▶ **Exercise objective**: Take the line that contains "SHEIN VCAY 不对称图案编织草编包 - 藍色 - 查看 1" and each line after it to the end of the material below, and return them exactly, minus the pictures.

▶ **Supplied information**:
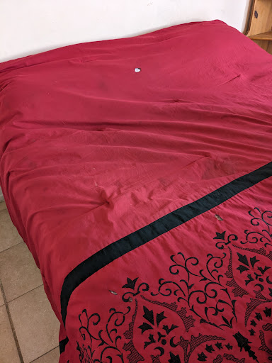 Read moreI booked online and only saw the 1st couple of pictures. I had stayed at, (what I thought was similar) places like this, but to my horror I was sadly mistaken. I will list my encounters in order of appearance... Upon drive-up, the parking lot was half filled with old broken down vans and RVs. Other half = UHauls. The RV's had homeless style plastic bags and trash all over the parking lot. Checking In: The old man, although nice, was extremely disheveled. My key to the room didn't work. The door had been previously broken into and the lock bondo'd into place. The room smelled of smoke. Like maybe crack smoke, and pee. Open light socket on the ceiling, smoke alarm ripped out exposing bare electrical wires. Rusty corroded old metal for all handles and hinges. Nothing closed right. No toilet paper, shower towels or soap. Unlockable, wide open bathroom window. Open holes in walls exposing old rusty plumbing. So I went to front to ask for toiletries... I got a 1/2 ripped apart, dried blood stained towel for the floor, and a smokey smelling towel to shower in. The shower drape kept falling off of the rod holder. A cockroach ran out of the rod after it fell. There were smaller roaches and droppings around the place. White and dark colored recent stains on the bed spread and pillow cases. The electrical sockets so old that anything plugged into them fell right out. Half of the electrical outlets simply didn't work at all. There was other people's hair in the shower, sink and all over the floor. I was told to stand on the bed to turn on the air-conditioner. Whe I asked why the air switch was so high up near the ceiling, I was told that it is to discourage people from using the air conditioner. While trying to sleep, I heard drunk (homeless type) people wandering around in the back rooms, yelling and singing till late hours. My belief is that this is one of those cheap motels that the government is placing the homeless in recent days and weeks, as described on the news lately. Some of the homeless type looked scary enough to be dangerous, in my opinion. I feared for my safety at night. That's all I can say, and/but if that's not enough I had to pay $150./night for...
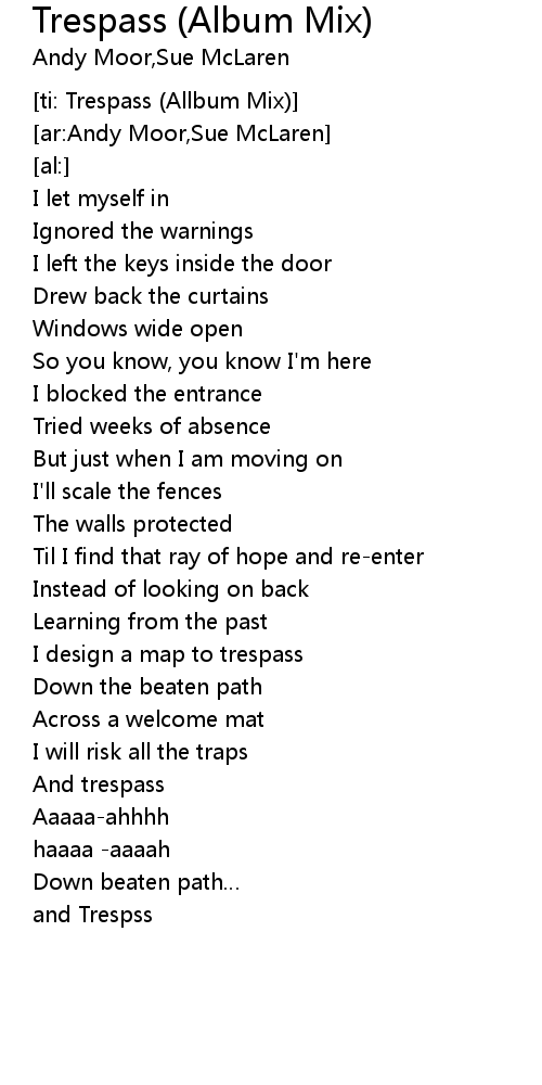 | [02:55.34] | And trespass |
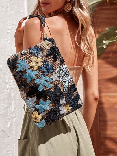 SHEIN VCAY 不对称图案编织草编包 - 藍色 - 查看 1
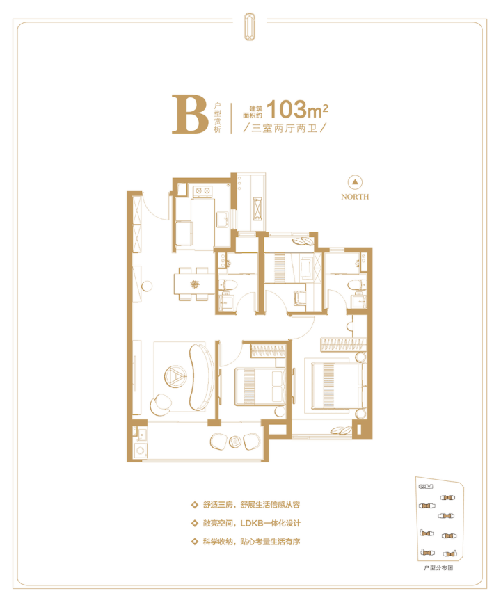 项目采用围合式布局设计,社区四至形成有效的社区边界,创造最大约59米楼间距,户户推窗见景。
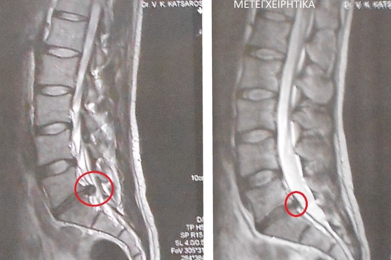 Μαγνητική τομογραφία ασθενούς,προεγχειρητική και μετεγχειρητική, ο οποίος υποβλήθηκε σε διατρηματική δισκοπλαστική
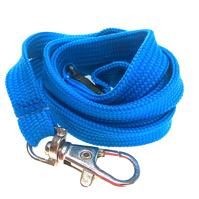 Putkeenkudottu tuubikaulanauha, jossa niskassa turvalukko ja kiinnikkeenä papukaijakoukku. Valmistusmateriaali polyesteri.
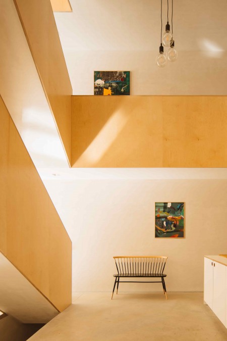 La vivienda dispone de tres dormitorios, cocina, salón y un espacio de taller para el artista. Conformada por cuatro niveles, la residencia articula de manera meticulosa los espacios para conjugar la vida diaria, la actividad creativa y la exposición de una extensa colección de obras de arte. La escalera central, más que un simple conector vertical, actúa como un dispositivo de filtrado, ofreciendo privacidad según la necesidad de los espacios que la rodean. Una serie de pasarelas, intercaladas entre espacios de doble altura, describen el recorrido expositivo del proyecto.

▶ **Output of the task**:
 SHEIN VCAY 不对称图案编织草编包 - 藍色 - 查看 1
 项目采用围合式布局设计,社区四至形成有效的社区边界,创造最大约59米楼间距,户户推窗见景。
 Μαγνητική τομογραφία ασθενούς,προεγχειρητική και μετεγχειρητική, ο οποίος υποβλήθηκε σε διατρηματική δισκοπλαστική
 Putkeenkudottu tuubikaulanauha, jossa niskassa turvalukko ja kiinnikkeenä papukaijakoukku. Valmistusmateriaali polyesteri.
 La vivienda dispone de tres dormitorios, cocina, salón y un espacio de taller para el artista. Conformada por cuatro niveles, la residencia articula de manera meticulosa los espacios para conjugar la vida diaria, la actividad creativa y la exposición de una extensa colección de obras de arte. La escalera central, más que un simple conector vertical, actúa como un dispositivo de filtrado, ofreciendo privacidad según la necesidad de los espacios que la rodean. Una serie de pasarelas, intercaladas entre espacios de doble altura, describen el recorrido expositivo del proyecto.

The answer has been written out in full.